#### [What needs to be done]
Each line in the material below, starting at the one with "This wedding napkin" and ending at the one with "Caja de Teléfono", is to be reproduced exactly; no picture is to be copied.

#### [Provided data]

++++++

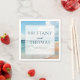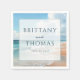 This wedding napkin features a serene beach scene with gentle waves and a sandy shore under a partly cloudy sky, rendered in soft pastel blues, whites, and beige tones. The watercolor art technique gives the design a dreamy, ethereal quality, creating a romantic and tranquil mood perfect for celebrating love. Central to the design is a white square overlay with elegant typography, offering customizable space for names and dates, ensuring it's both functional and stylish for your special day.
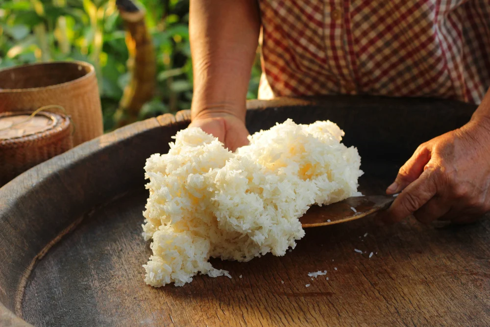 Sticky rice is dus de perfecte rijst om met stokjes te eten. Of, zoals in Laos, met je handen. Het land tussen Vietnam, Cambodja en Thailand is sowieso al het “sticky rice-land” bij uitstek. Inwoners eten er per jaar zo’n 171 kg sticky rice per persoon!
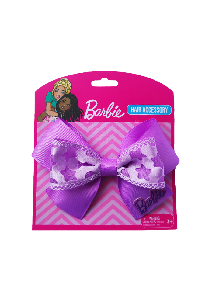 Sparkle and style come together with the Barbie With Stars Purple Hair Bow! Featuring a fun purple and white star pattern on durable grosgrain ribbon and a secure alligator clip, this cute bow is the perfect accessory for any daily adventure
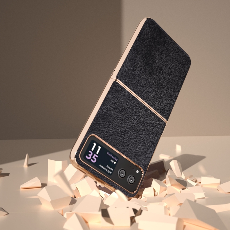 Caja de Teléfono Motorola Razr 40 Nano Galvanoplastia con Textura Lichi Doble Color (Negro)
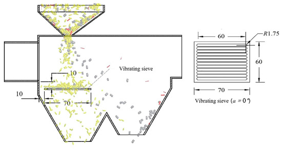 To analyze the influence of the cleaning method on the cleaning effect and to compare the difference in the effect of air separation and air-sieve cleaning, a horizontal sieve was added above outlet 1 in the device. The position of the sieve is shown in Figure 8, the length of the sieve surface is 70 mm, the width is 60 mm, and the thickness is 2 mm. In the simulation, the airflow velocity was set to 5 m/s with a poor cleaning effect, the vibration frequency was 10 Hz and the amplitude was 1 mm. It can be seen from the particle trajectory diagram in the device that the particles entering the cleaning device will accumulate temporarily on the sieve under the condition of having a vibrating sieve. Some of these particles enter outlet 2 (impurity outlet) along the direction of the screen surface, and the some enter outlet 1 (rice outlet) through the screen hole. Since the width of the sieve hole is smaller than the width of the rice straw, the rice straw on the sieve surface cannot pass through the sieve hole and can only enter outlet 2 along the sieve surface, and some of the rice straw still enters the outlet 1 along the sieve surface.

++++++

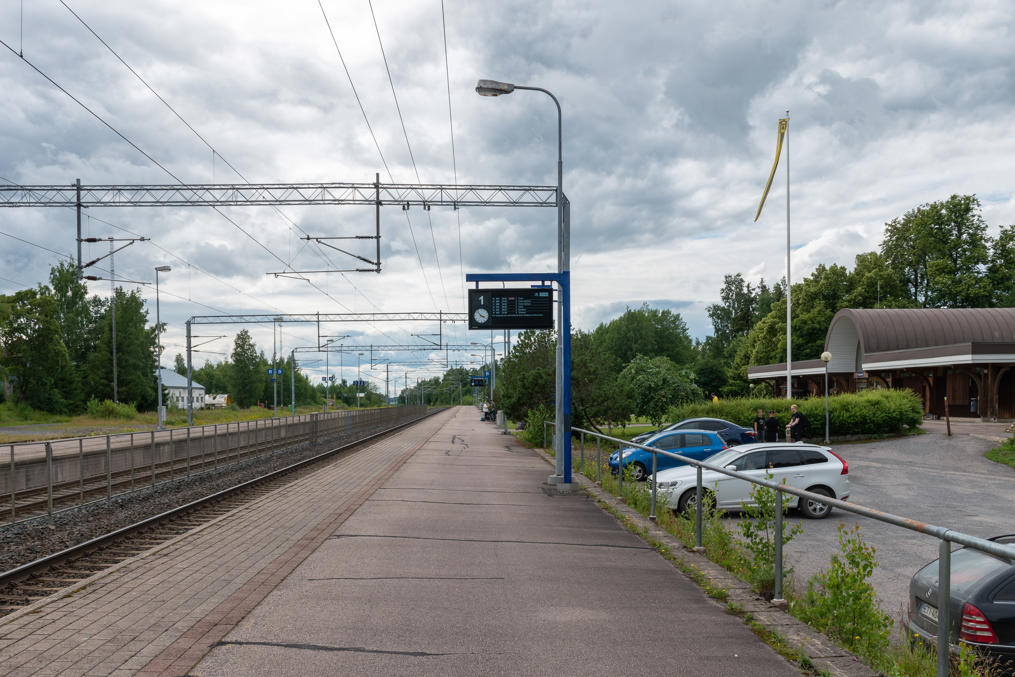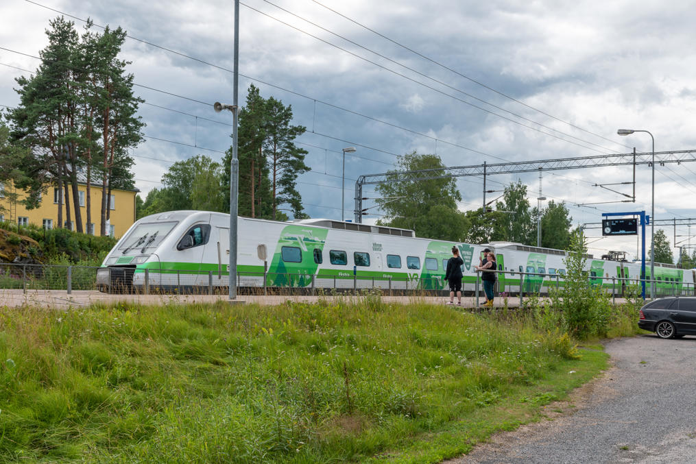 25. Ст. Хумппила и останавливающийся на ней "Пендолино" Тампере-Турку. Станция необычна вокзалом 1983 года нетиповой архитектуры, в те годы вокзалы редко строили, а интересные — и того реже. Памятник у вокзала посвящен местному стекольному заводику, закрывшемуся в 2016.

++++++

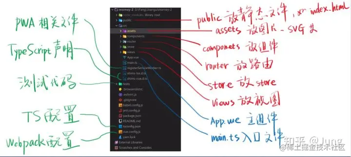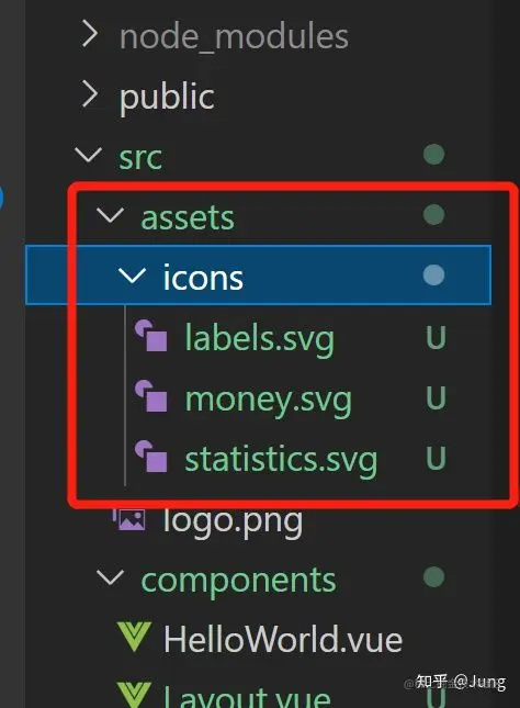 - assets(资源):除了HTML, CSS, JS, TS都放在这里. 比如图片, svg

++++++

#### [Exercise solution]
 This wedding napkin features a serene beach scene with gentle waves and a sandy shore under a partly cloudy sky, rendered in soft pastel blues, whites, and beige tones. The watercolor art technique gives the design a dreamy, ethereal quality, creating a romantic and tranquil mood perfect for celebrating love. Central to the design is a white square overlay with elegant typography, offering customizable space for names and dates, ensuring it's both functional and stylish for your special day.
 Sticky rice is dus de perfecte rijst om met stokjes te eten. Of, zoals in Laos, met je handen. Het land tussen Vietnam, Cambodja en Thailand is sowieso al het “sticky rice-land” bij uitstek. Inwoners eten er per jaar zo’n 171 kg sticky rice per persoon!
 Sparkle and style come together with the Barbie With Stars Purple Hair Bow! Featuring a fun purple and white star pattern on durable grosgrain ribbon and a secure alligator clip, this cute bow is the perfect accessory for any daily adventure
 Caja de Teléfono Motorola Razr 40 Nano Galvanoplastia con Textura Lichi Doble Color (Negro)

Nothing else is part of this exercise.